He knew all the stories. During the days of his apprenticeship he'd been forced to study the histories. It didn't make sense to him that mortals could have defeated the demons in the first wars. Monsters far stronger than Sakuragi Hanamichi had marauded at will in those past ages. And slayers - mortal slayers - had driven them back. How? Had the power of the Watchers really been so great?

He shook his head in disbelief.

Ridiculous.

Look at him. They're weak. All of them. Blind and weak and stupid.

Fated to die.

He began to calculate. The gate cycled into existence once in a generation. That meant that this boy - fledgling slayer that he was - would have at most twenty years to live. Twenty years before the time on his unnaturally extended life would run out. Because when the gate opened, Rukawa knew from repeated experience, every mortal slayer would die.

He sighed and lifted his eyes to the stars.

How had they done it?

The slayers of the past?

Slayers and Watchers?

He frowned. In twenty years time? He contemplated the boy again. He seemed a little younger than ten. In twenty years he would be at the peak of his strength. Assuming he survived that long.

What if...?

The boy would die anyway. That was the truth. So there was no harm in it. He might as well... might as well... try?

Hisashi would not agree to it, Rukawa knew. He could hear his arguments already. Waste of time. Won't work. And without Hisashi's help it would be difficult.

Too difficult?

He considered uncertainly. If he could keep the boy at yoku it would be easier but-

He shook his head. No, Hisashi would not allow that, either.

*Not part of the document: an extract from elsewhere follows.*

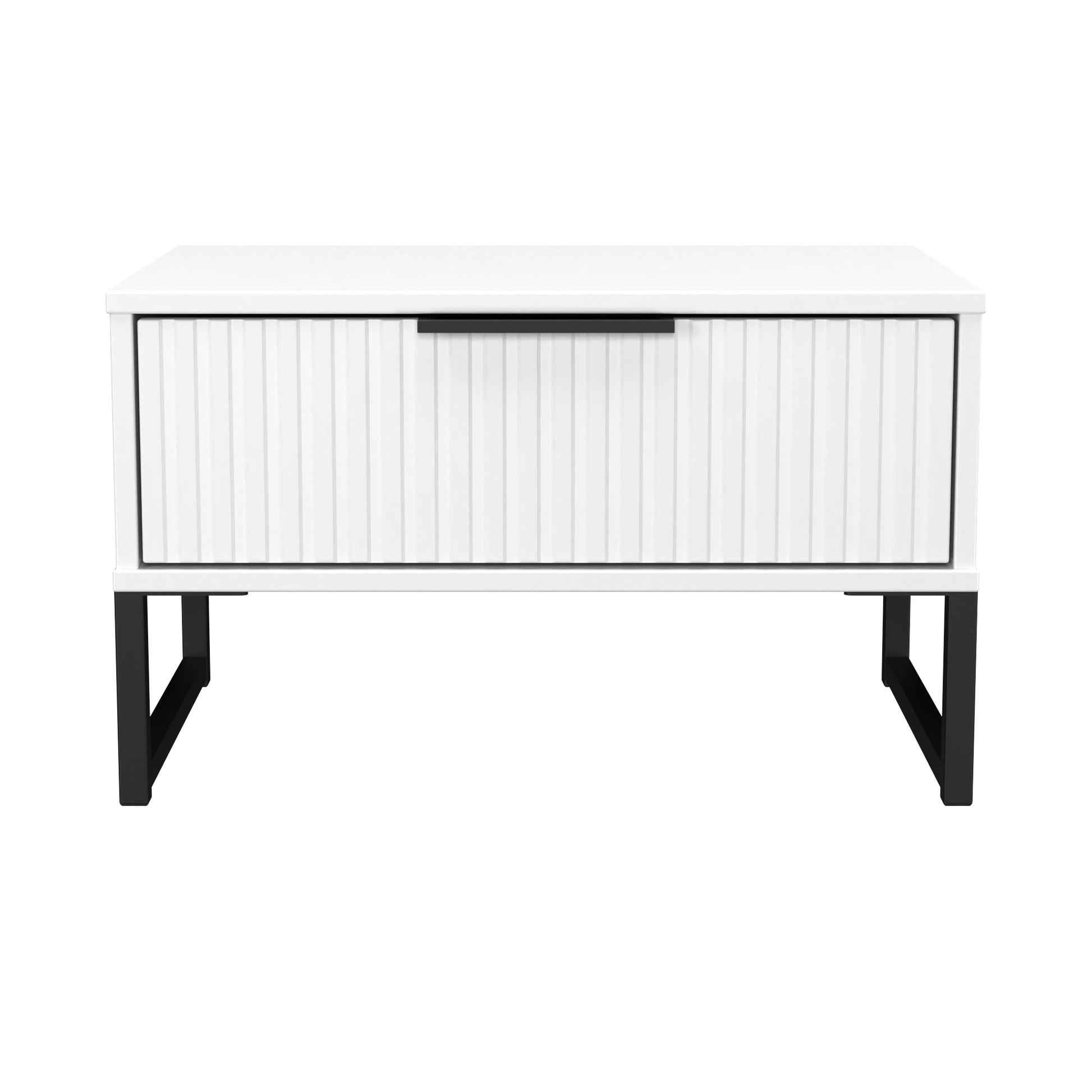 This single drawer bedside cabinet is wider than normal for added practicality. Perfect for any bedside or as a free standing storage unit. A new stand out range, with its new deep cut "fluted" grove patten of the drawer and door fronts. Featuring black metal handles and black sleigh legs. A striking and individual range that is perfect for the modern home. All our furniture is made to order in the United Kingdom, to the highest quality using responsibly sourced materials. It is delivered within 10 working days direct to your location of choice by one of our two man delivery teams, and comes fully assembled (although items with legs will have those legs removed during transit to avoid damage). Part of the Fluted Collection.

Rukawa gripped the hilt of Innocence tightly, feeling frustrated and suddenly reckless. He was tired, he realised, of following Hisashi around like a dog. So what if Hisashi was his senior? Was his better? A prodigy of the Sword where Rukawa had been a mere acolyte?

They never took me seriously. The Council feared Hisashi, but they never feared me. They barely even saw me. They assumed Hisashi could control me. That I would follow him blindly, not knowing what else to do.

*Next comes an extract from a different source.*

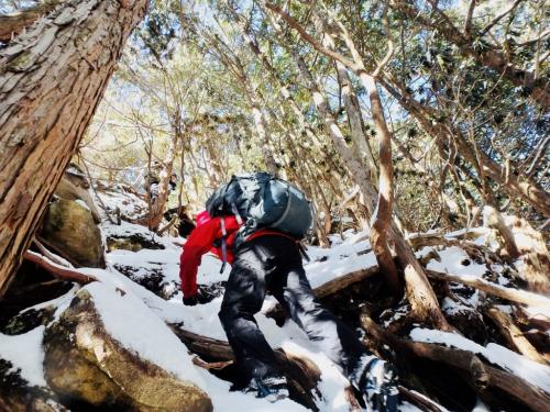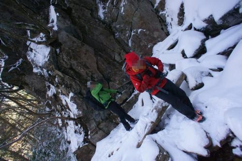 途中、持ってきたチェーンアイゼンのチェーンが切れて、急遽、えのえのさんに六本爪アイゼンをお借りしました。

And so far I guess they've been right.

Rukawa furrowed his brows. He couldn't hide behind Hisashi forever.

He should… do something.

Of his own.

He might even succeed.

Feeling resolved, he got to his feet. The first patter of rain fell from the sky. He ignored it.

He pulled Innocence - sword and sheath - free of his waist and held it out. His hands, he realised, were shaking.

"Take this," he told him.

The child looked confused.

Rukawa forced Innocence into his hand. The boy's small fingers barely closed around her girth. She looked comically large in his grasp. But this way, Rukawa thought, it would be hard to go back. He would not be able to change his mind. He could not let his resolve seep away with time.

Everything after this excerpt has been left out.